> Task requirements: The records that follow must be reproduced in full, with every picture excluded.

[Supplied material]

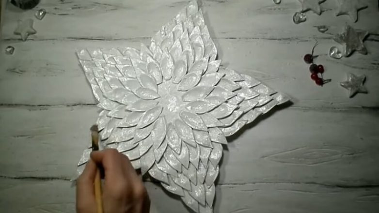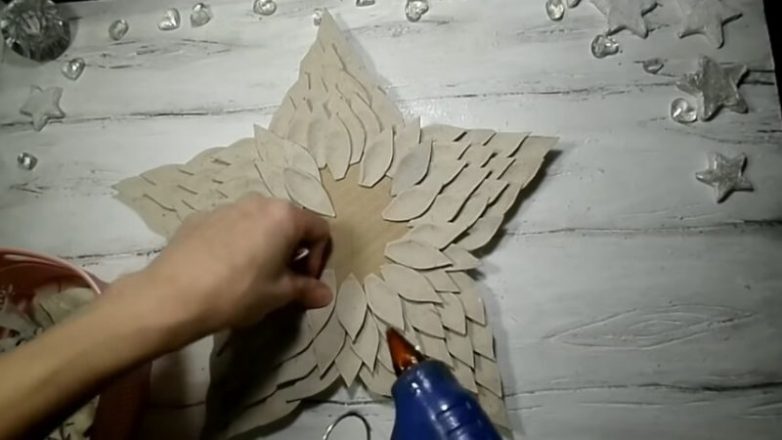 Приклеивайте их, начиная от кончиков звезды, плавно продвигаясь к центру.
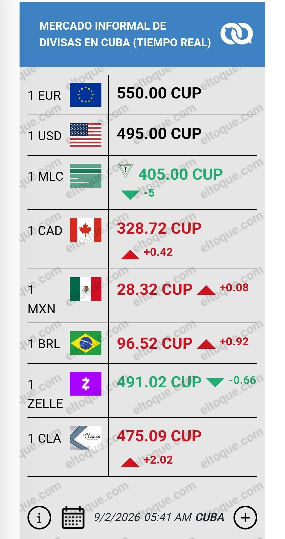 1 EUR = 550 CUP
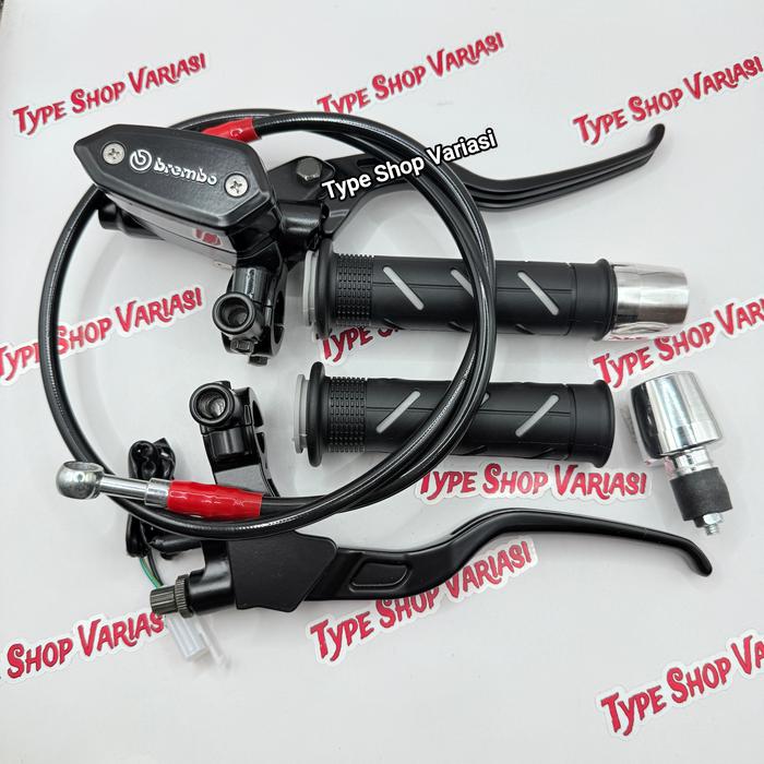 Paket 4in1 Master Rem Tabung Tipe Oval Dan Kotak + Handgrip Sisik + Jalu Stang CHROME + Selang Rem
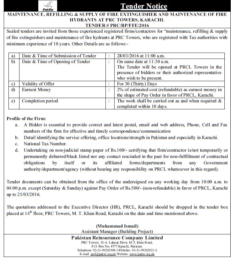 Tender notice for maintenance and refilling of fire extinguishers_Mar 2016
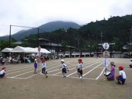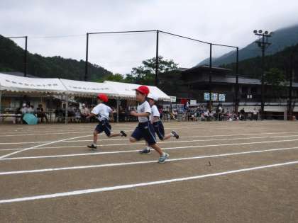 1,2年生は,走る前に,マイクを使って自分のめあてを発表します。
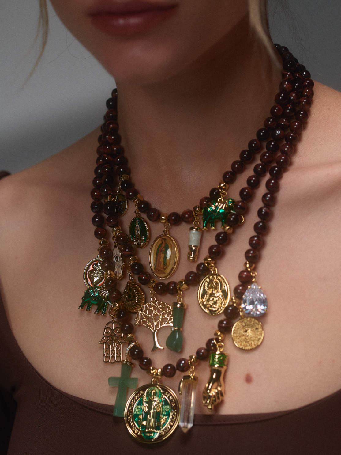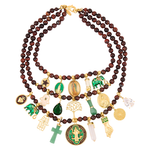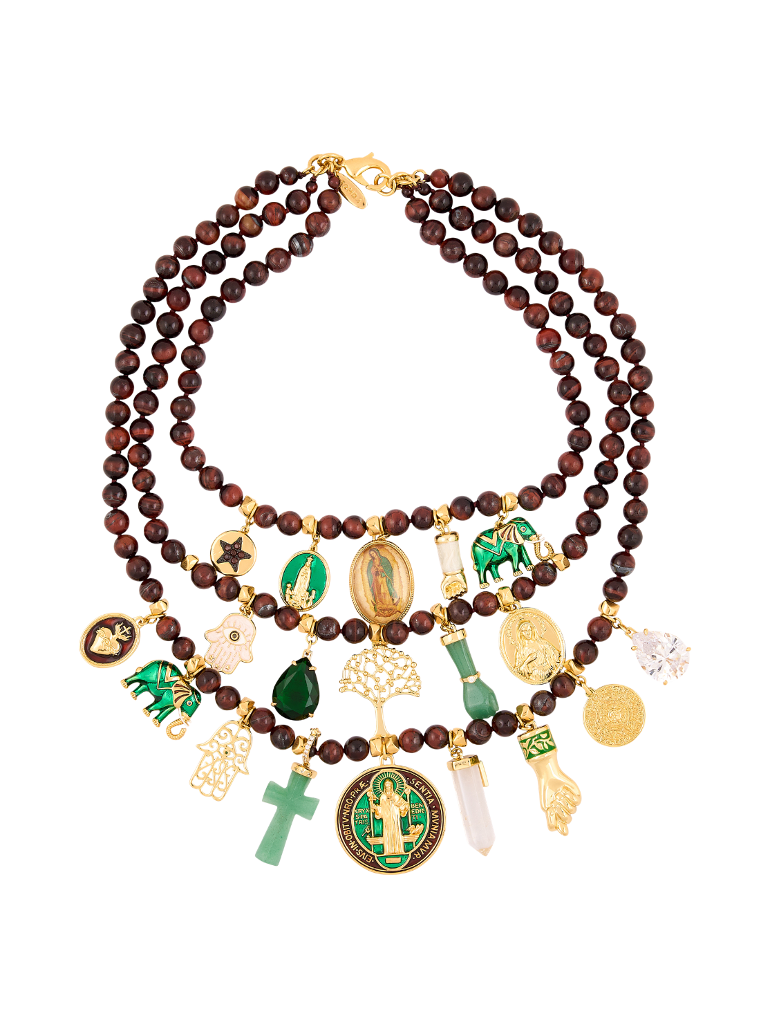 Diseñado con tres hileras de piedras naturales y detalles dorados, este collar reúne amuletos icónicos como la Virgen de Fátima y la medalla de San Benito, entre otras cruces y medallas espirituales, que evocan equilibrio, sabiduría y fortaleza interior.

[/Supplied material]

> Answer below:
 Приклеивайте их, начиная от кончиков звезды, плавно продвигаясь к центру.
 1 EUR = 550 CUP
 Paket 4in1 Master Rem Tabung Tipe Oval Dan Kotak + Handgrip Sisik + Jalu Stang CHROME + Selang Rem
 Tender notice for maintenance and refilling of fire extinguishers_Mar 2016
 1,2年生は,走る前に,マイクを使って自分のめあてを発表します。
 Diseñado con tres hileras de piedras naturales y detalles dorados, este collar reúne amuletos icónicos como la Virgen de Fátima y la medalla de San Benito, entre otras cruces y medallas espirituales, que evocan equilibrio, sabiduría y fortaleza interior.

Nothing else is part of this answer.